The National Catholic Review

A reading from the letter of Paul to... began the lector; but instead of following St. Paul’s epistle, I opened the parish bulletin and read, once again, a mother’s letter of gratitude to her fellow parishioners and the outreach program they support. The woman was not a single mom, but a mother who suddenly found herself with the heavy responsibility of supporting herself and her children when her spouse chose to abdicate his role as father and husband. With no job and no money, without food for herself and her children, without even diapers for her baby, she had come to the church and asked for assistance. Outreach had fed her family, provided sneakers and school supplies for her children through its back-to-school program, and placed gifts under their tree at Christmas through the promised gift program.

My son tugged at my sleeve. What is Jesus saying about a basket? I realized that we were standing and that the Gospel was being read. I’ll explain later, I whispered. I tried to focus on the homily, but noticed that my son was looking at the people seated nearby, then back at me. What is Father saying about a light under a basket? Then I understood his perplexity. He wanted to know what in the Gospel was causing me, and me alone, to cry. We’ll talk at home, I told him.

I wiped my eyes and returned to the woman’s letter, for her story was, in a way, my story. Like me, she was in a free-fall from the married state and a middle-class existence into a state of fear, uncertainty and an overwhelming feeling of powerlessness.

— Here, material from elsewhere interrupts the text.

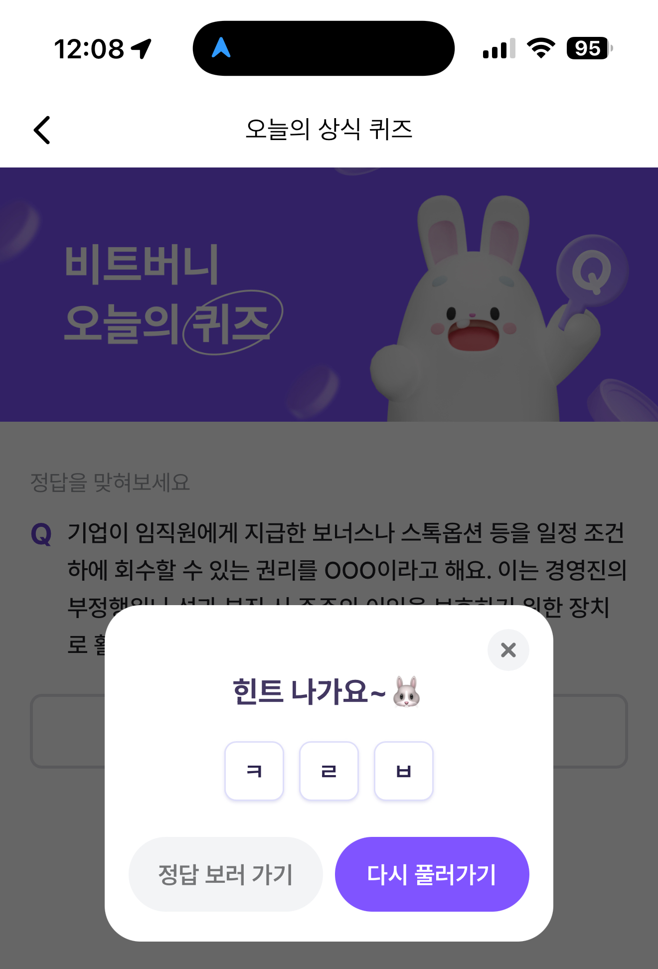 비트버니 오늘의 퀴즈 초성 힌트는 ㅋㄹㅂ 입니다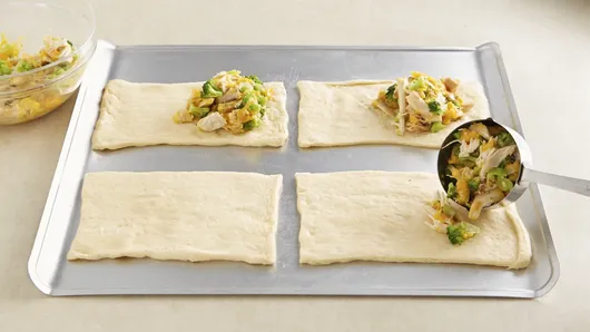 Step2Unroll dough; cut into 4 (6x4-inch) rectangles. Place dough rectangles on ungreased cookie sheet. Top half of each short side of rectangle with about 1/2 cup broccoli chicken mixture.

Suffice it to say that I filed for an order of protection to save my life, and for a divorce to save my soul. How many Sundays had I spied outreach’s food collection bin when I entered the church and knew that with my new job and old skills, I was one paycheck away from outreach. But now I saw the difference between one paycheck and none: that paycheck gave me the power to take care of myself and my son and empowered me to help others. I vowed that I would somehow manage to increase my weekly donation by a dollar or two so that outreach could continue to serve families in need.

When we got home, I reached for the New Testament and wondered how I could explain the Gospel to a childa child whom society labels mentally retardedwhen the words of Jesus confounded even the Apostles. I opened to Mt. 5:14-16: You are the light of the world. A city seated on a mountain cannot be hid. Neither do men light a candle and put it under a bushel, but upon a candlestick, that it may shine to all that are in the house. So let your light shine before men, that they may see your good works, and glorify your Father who is in heaven.

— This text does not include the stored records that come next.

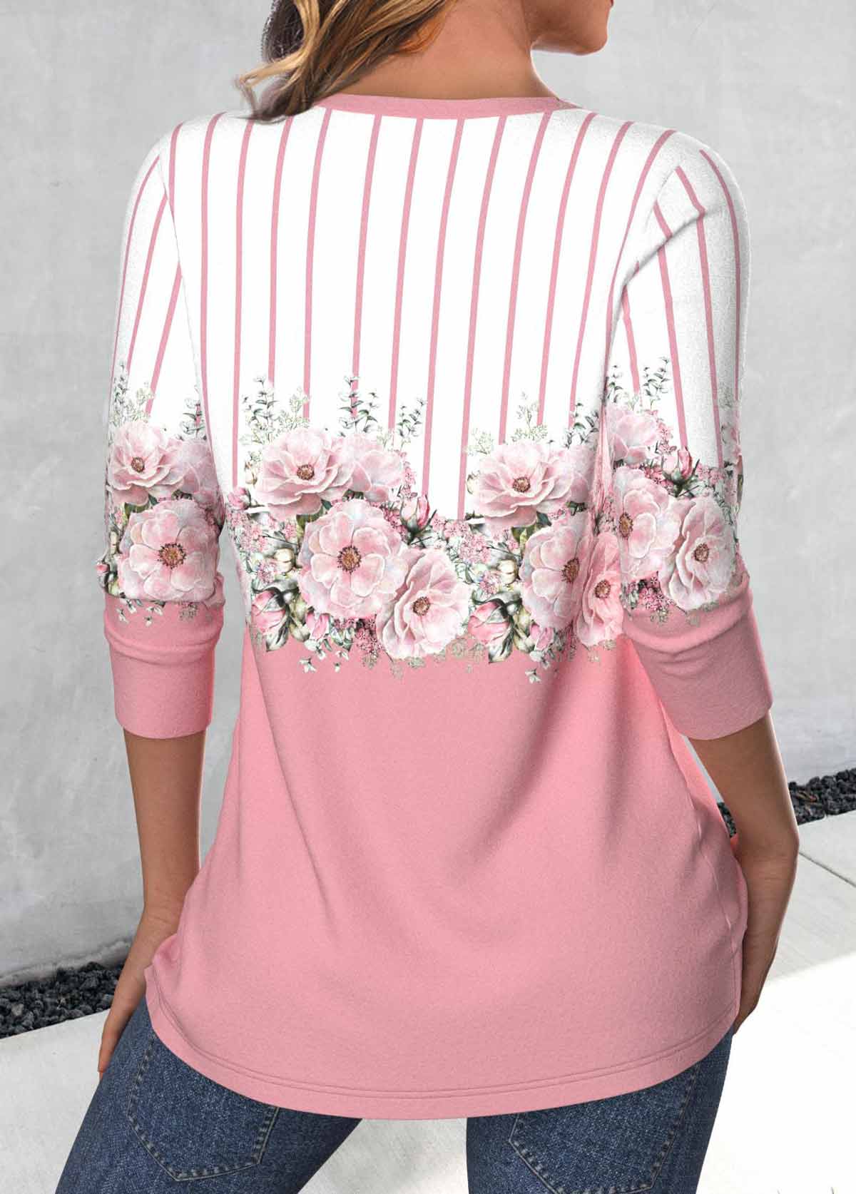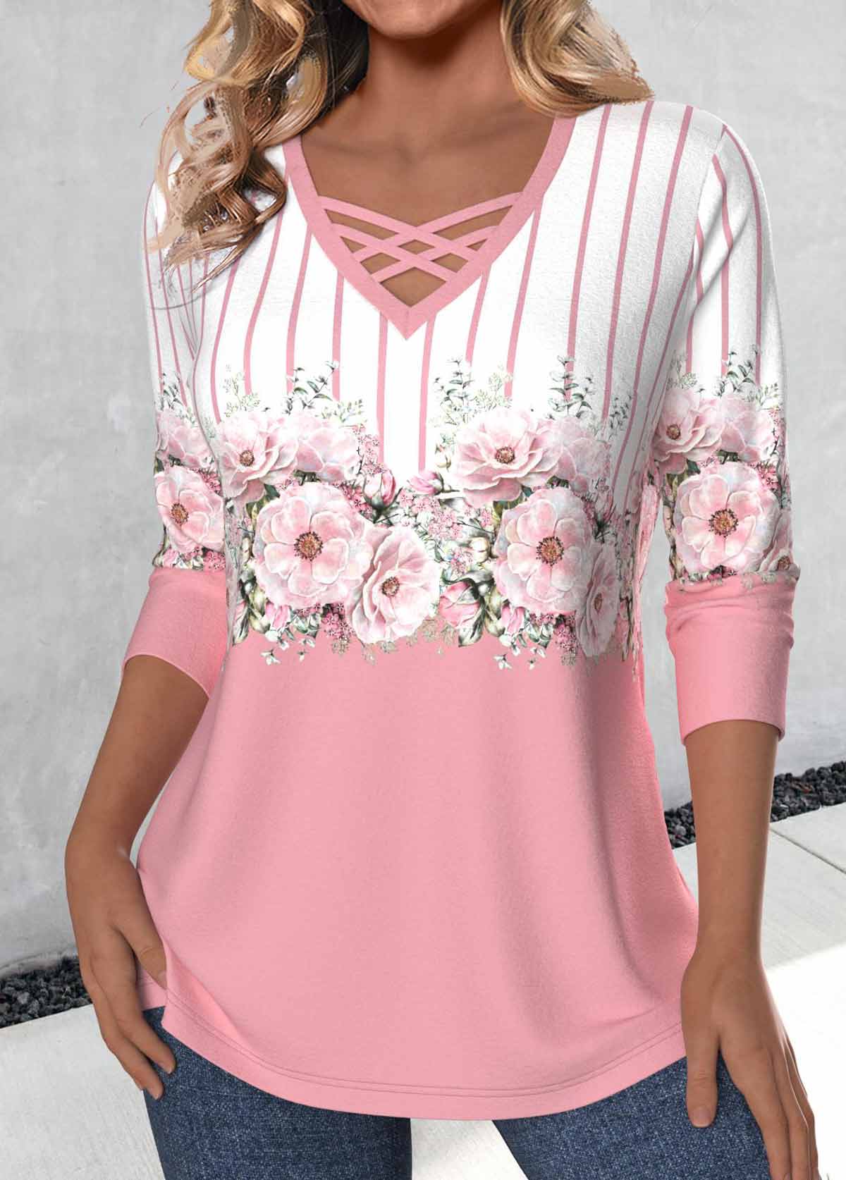 SALE Floral Print Criss Cross Pink Long Sleeve T Shirt Rosewe®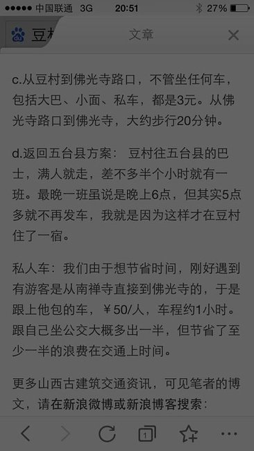 集福寺到菩萨顶是没有景区环保车的,只能打那种揽活的私家车,我从集福寺上到菩萨顶的车费是十五元。师傅姓曲,问他包车到佛光寺和南禅寺多少钱时,答曰400元。短暂的交往中感觉人还不错,就是车费要的有点离谱。
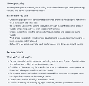 Окрім глибокого занурення в екосистему Solana, ми шукаємо когось, хто неймовірно впевнено грає на X.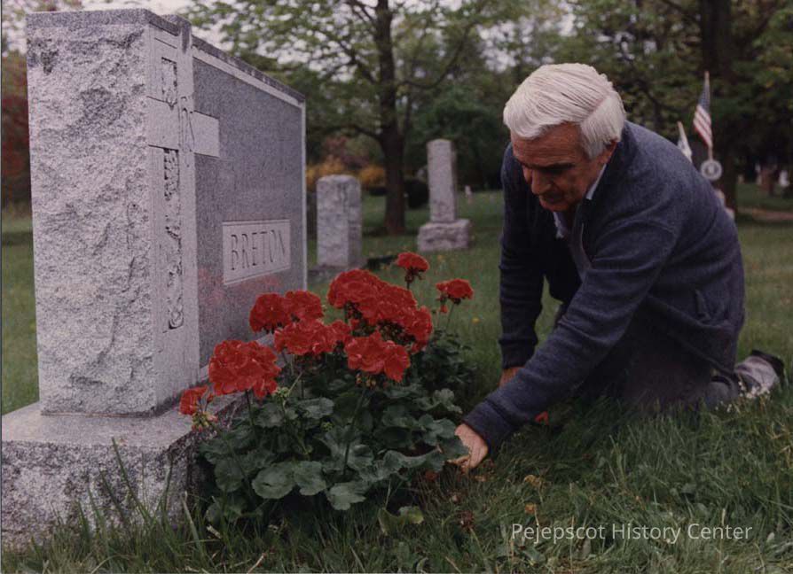 A photo view of a man putting flowers on a grave. 5/26/1989.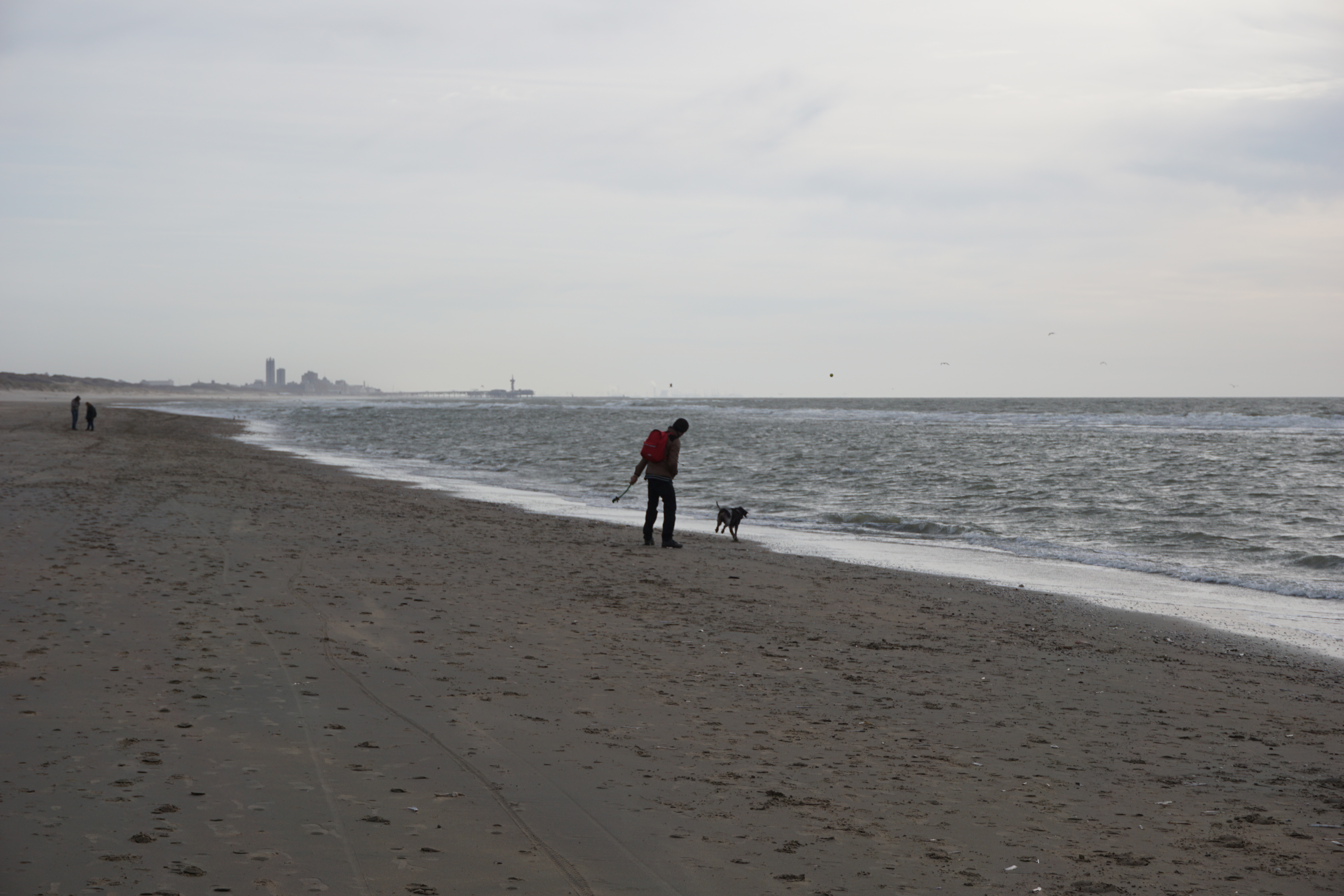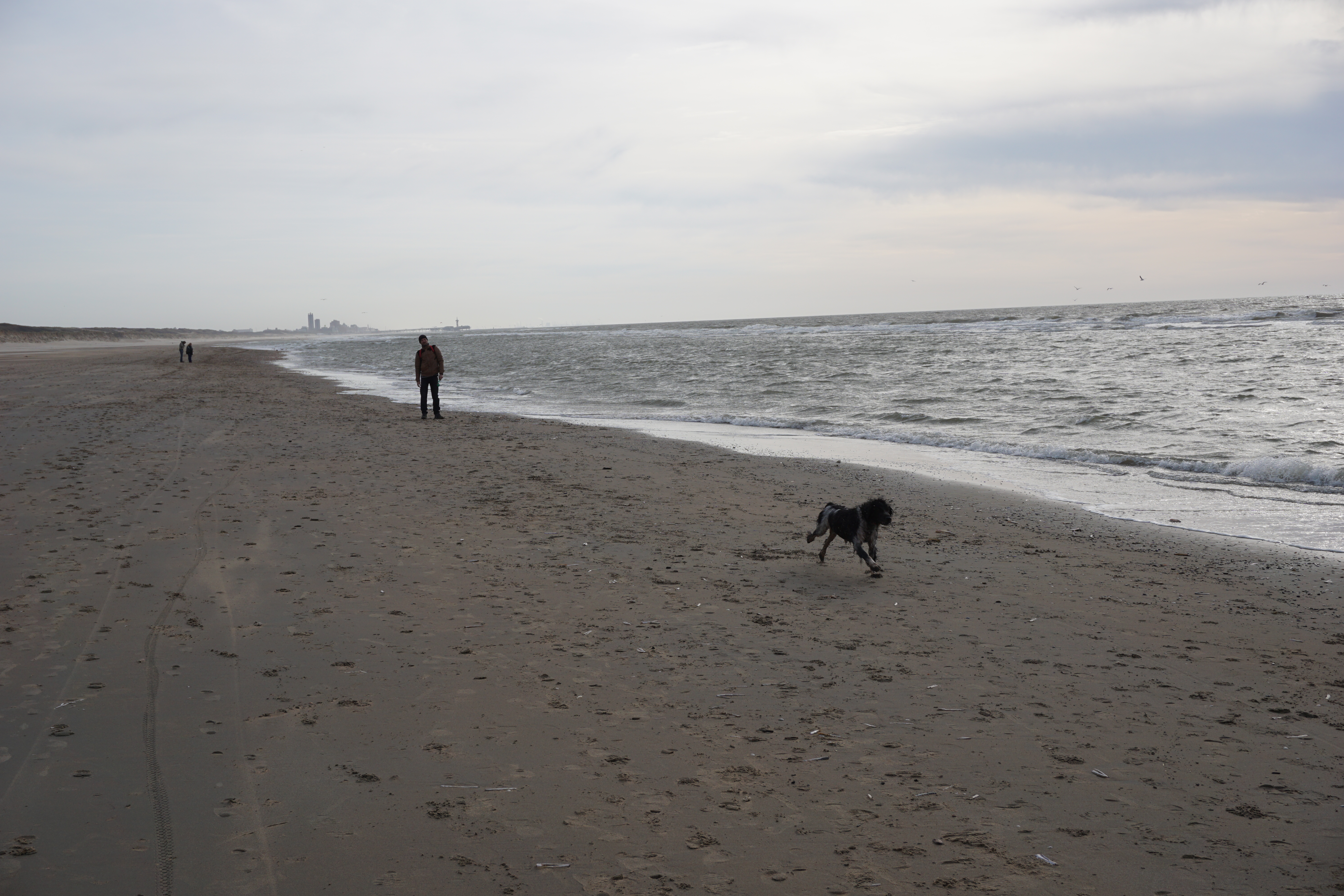 Veel komt er dus niet terecht van onze plannen in een duinpan. Behalve een plasje doen dan. Wind stuift het zand in lage striemen over het strand. Ysbrandt loopt met samengeknepen oogjes achter een balletje aan te rennen. Onze oren vullen zich met een laagje Noordzeezand. Alleen langs de vloedlijn is het een beetje te harden.

That it may shine to all that are in the house, that they may see your good works. That was not how I had learned, as a child, to practice charity. I was taught that for an act of charity to be acceptable to God it must remain hidden, private, lest we become boastful and commit a sin of pride, thereby negating the value of the original act. But that’s not what Jesus was saying; and while I believed that my vow to increase my donation to outreach was pleasing to God because it was given from sustenance, not surplus, I realized that although I was practicing charity, I was not teaching it. I’ve been a mother long enough to know that a child learns moral, ethical and, yes, spiritual values not just by word, but by example.

I summoned my son to my side. I know you’re wondering why I was crying during the Gospel today, so I want you to listen to this letter in today’s bulletin. When I finished the letter, I read the passage from Matthew. We’re going through difficult times now, I explained to him, but you can see from the letter that I’m not the only mother in the parish experiencing problems, nor are you the only child in the parish who has it rough. I was able to get a job because you’re old enough to go to school and take care of yourself, but this mother has small children, and even a baby in her arms, and that’s why she turned to outreach for help. I know that last winter we barely had money for groceries; but things are a little better now, and so I promised God that I would put an extra dollar or two in the collection to help people like this mother and her children.

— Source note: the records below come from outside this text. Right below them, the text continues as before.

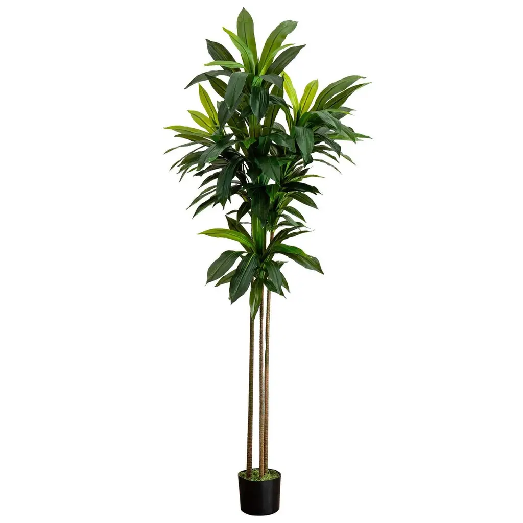 This faux yucca tree plant gives your living room or entryway the lush look of the tropics. It features faux tree stems and yucca tree leaves in natural hues of brown and green that's made from a blend of plastic and silk. It also has small orange flowers for a natural design in your space. This plant is displayed inside a rounded plastic planter in a versatile black finish with a tapered design on the top. And it also comes in a variety of sizes to choose from that best fit your space. Plus, we love that this faux tree doesn't require any maintenance.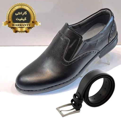 ست کفش و کمربند چرم مردانه شامل کفش رویال کشی و کمربند نیک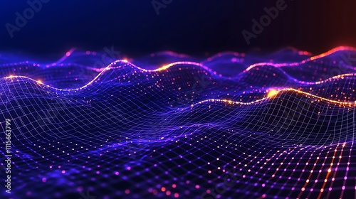 Abstract Digital Waves with Glowing Particles in a Futuristic Blue and Purple Tone for Background Use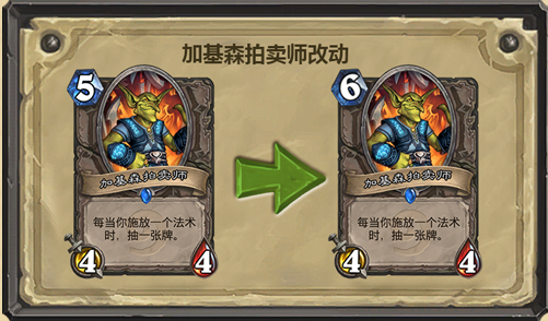 搜索"8090网页游戏"大家都知道之前加基森卡牌基本上在前期就是法系职业和盗贼的刷牌神技啊,不少奇迹贼都是通过这张牌刷到爆发点的,下面小编就为大家介绍下炉石传说新扩展包加基森拍卖师被削弱了吗 加基森还可以带吗?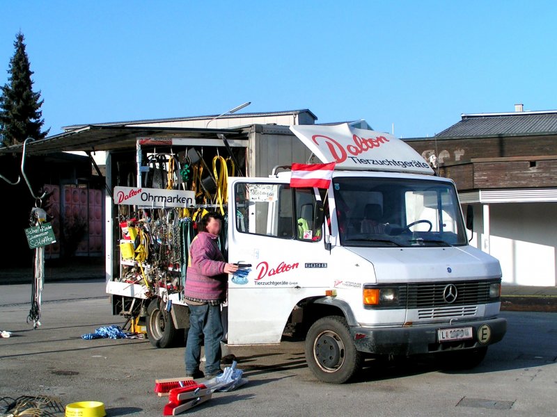 MB 609D dient als fahrender Verkaufstand für Tierzuchtgeräte und ist anlässlich des Großviehmarktes am Messegelände in Ried i.I. zugegen; 090113 JohannJ

Solemnly, he nodded in agreement. But after reading what Jesus said about not hiding a good deed under a bushel, I’ve decided to give the money to you. His eyes brightened. We can’t do much, but we can afford to buy one meal for someone each week, so when we go grocery shopping you have to find something....

Like what? he interrupted.

A can of soup, a box of macaroni, peanut butter, tuna fish, anything that makes a meal. Then on Sunday morning you’ll bring it to church, put it in the outreach bin, and you will know that because of your efforts some child in the parish will not have to go to bed hungry.

I noted his eagerness during the ensuing weeks, but couldn’t help wondering if his enthusiasm would wane. Just the opposite was true, however. He began checking the supermarket advertisements each week, and discovered, for instance, that he could get three boxes of macaroni on sale for the regular price of one. Then he began clipping coupons. Now he found that not only could he get three boxes of macaroni on sale, but by using a coupon, could also get a jar of tomato sauce to go with the pasta. He came into his own, however, with the advent of double coupons.

On a recent Sunday morning, as I watched my son struggle to carry the shopping bag with a large bottle of juice he’d gotten on sale and three boxes of cereal he’d gotten free with double coupons, I thought of the bushel that Jesus spoke of. Christopher has taken that basket, turned it over and filled it to abundance.